Malgré sa bouteille d’oxygène, son état s’est empiré l’après-midi. Il me regardait, les yeux peureux. Un jour il m’avait avoué : « M’étrangler, comme ça va finir par m’arriver, c’est pire que d’être étranglé. » Je lui ai pris la main. Il n’arrivait pas à respirer. Je me suis penché pour entendre ce qu’il disait. « Allez chercher Edouard à l’entraînement. » C’était son petit-fils, son préféré, alors qu’il ne s’était jamais entendu avec son propre fils. Il paraît qu’il s’amusait ailleurs quand sa femme a accouché pendant un bombardement. Cela a cassé le couple, et il n’a guère revu les enfants. Mais il avait retrouvé Edouard. Le petit venait le voir l’été, et il lui avait payé un stage de foot.

« S’il vous plaît ! » Sans plus hésiter, je suis partie. Dans la rue j’ai commencé à courir. Pour ce qu’on gagne dans ce métier, ce ne serait pas la peine si on ne les aimait pas, nos petits vieux.

Epinay-sur-Seine, 12 mars 2006

Je serai poète, pas footballeur. Papy a beau me payer ce camp, je suis nul. Je n’ai pas l’intelligence branchée directement aux pieds, comme certains ici. Mon capitaine pour ce match de clôture râlait de m’avoir dans son équipe.

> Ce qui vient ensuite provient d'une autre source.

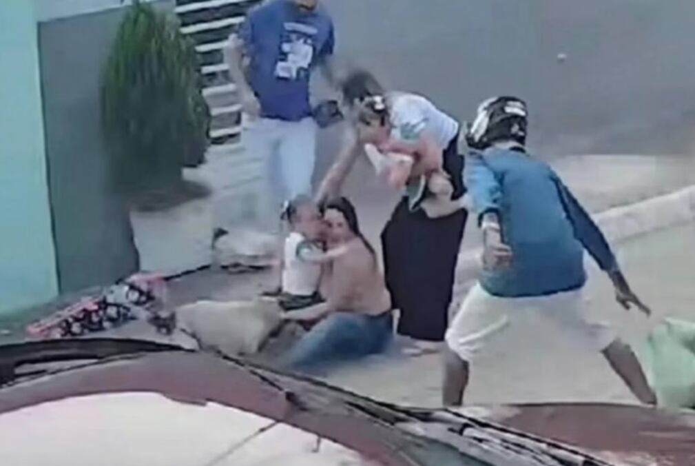 Em seguida, o cachorro morde diversas vezes a perna da mãe, que é ajudada por um familiar. Ele tenta afastar o animal com chutes.

Je serai poète. Pourtant, alors qu’on est à égalité, le ballon se pose devant mon pied, comme un de ces mots qui, venus je ne sais pas d’où, complètent à la perfection un vers. Je tire. Le gardien des rouges s’attendait à une attaque plus confuse, plus agressive, et n’a pas le temps de réagir avant que mon ballon passe à dix centimètres de sa main droite. Comme pour sanctionner l’explosion de joie autour de moi, on siffle la fin du match. Les bleus ont gagné.

Ceux qui me raillaient ce matin me hissent sur les épaules. « Tri-o-let ! Tri-o-let ! » C’est comme si le ballon, niché pourtant au fond du filet, était entre mes côtes, gonflant, gonflant, m’empêchant de respirer, tellement je suis fier. Je serai poète, mais plus tard.